Prerequisites: The course assumes programming knowledge of Python and some familiarity with Machine Learning algorithms; it does not require any prior knowledge of linguistics or Natural Language Processing.
Contents:
- Overview
- Learning outcomes
- Reading list
- Material: Week 1, Week 2, Week 3, Week 4, Week 5, Week 6, Week 7, Week 8, Week 9
Overview
This is a semester-long course with one 2-hour long lecture per week. In addition to lectures, students are provided with detailed handouts and practical programming exercises.
Each week addresses a different NLP application and discusses it in detail, introducing relevant NLP concepts and techniques.

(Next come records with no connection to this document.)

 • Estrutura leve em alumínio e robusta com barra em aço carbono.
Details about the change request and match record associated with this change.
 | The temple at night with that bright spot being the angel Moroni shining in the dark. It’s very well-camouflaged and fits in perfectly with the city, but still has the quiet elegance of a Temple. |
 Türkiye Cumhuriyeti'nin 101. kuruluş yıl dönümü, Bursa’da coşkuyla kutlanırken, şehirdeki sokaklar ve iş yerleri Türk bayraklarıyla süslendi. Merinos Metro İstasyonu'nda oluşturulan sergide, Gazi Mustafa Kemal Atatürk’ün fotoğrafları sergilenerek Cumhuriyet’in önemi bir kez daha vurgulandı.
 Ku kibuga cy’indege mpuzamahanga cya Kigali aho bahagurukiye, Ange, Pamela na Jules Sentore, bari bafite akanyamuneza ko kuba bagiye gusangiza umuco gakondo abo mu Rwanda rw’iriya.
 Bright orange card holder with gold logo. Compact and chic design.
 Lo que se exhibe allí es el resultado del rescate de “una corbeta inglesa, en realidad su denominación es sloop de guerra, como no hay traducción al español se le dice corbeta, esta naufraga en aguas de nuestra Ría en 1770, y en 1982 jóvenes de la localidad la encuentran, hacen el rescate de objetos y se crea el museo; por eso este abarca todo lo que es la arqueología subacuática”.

Applications and topics covered include, among others:
- Information retrieval
- Information extraction
- Text classification
- Topic modelling
- Word embeddings
- Semantic models
Learning outcomes
- Demonstrate knowledge of the fundamental principles of natural language processing.

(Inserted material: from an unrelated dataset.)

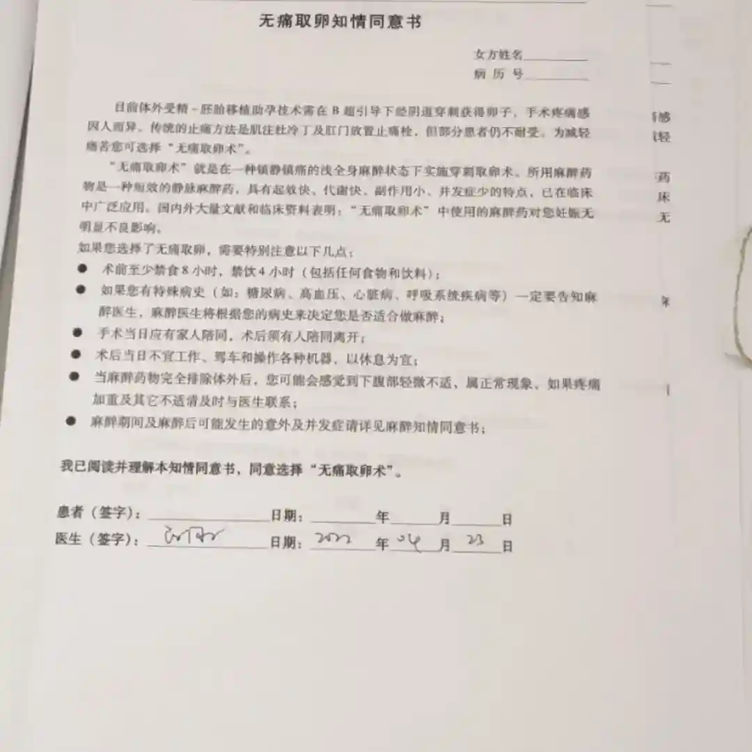 🍀进去15诊室做B超,医生说可以打夜针了,16颗,麻醉吧?我说麻醉麻醉!医生就让转身签无痛麻醉单(图2),签完交给医生,人到诊室外接着等。
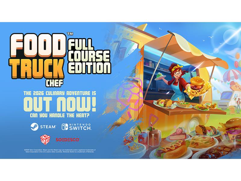 SOEDESCO® and developer Nukebox Studios are pleased to announce that Food Truck Chef: Full Course Edition is now available on Steam and Nintendo Switch. The launch is accompanied by a new trailer showcasing its dynamic cooking and management gameplay across different locations.

- Demonstrate understanding of key algorithms for natural language processing.
- Write programs that process language.
- Design your own end-to-end projects in NLP.
- Evaluate the performance of programs that process language.
- Assess feasibility and appropriateness of novel NLP approaches presented in literature.
Reading list
- Ekaterina Kochmar (2022). Getting Started with Natural Language Processing. Manning Publications, ISBN: 9781617296765. URL: Manning; Amazon; for the students at the University of Bath, the book is available via the university’s library service.
- Dan Jurafsky and James H. Martin (2009). Speech and Language Processing (2nd edition). Prentice-Hall Inc., Upper Saddle River, NJ, USA. ISBN: 0131873210. URL: 2nd edition; 3rd edition
- Steven Bird, Ewan Klein, and Edward Loper (2009). Natural Language Processing with Python. O’Reilly Media, Inc. ISBN: 978-0-596-51649-9. URL: NLTK book
Week 1: Introduction to Natural Language Processing
This week’s material will introduce you to the field of Natural Language Processing, first via overviewing its history and the way the field and its algorithms developed over decades, then by presenting and discussing the most popular NLP applications and techniques used to tackle NLP tasks, and finally by linking the NLP techniques and concepts to other fields and approaches.
In addition, in the course of this week you will make your first practical steps in implementation of an NLP algorithm. You will learn how to structure an NLP project from the beginning to end and you will focus on the first crucial step in an NLP application – tokenization. You will learn why this is challenging and how a tokenizer can be implemented in practice. Finally, we will conclude with the remarks on language use and word distribution, and observations on the implications this has for NLP algorithms. You will also run some frequency analysis yourself – such analysis is often an important step in the preliminary data investigation, which may inform and help you shape your approach to the specific NLP task you are working on.
Week 2: Introduction to Information Retrieval
This week, we will “zoom in” on one of the popular and widely used NLP applications – Information Search or Information Retrieval (IR). We will look closely into each step involved in this application, and by the end of this week you will be able to implement an information search algorithm yourself.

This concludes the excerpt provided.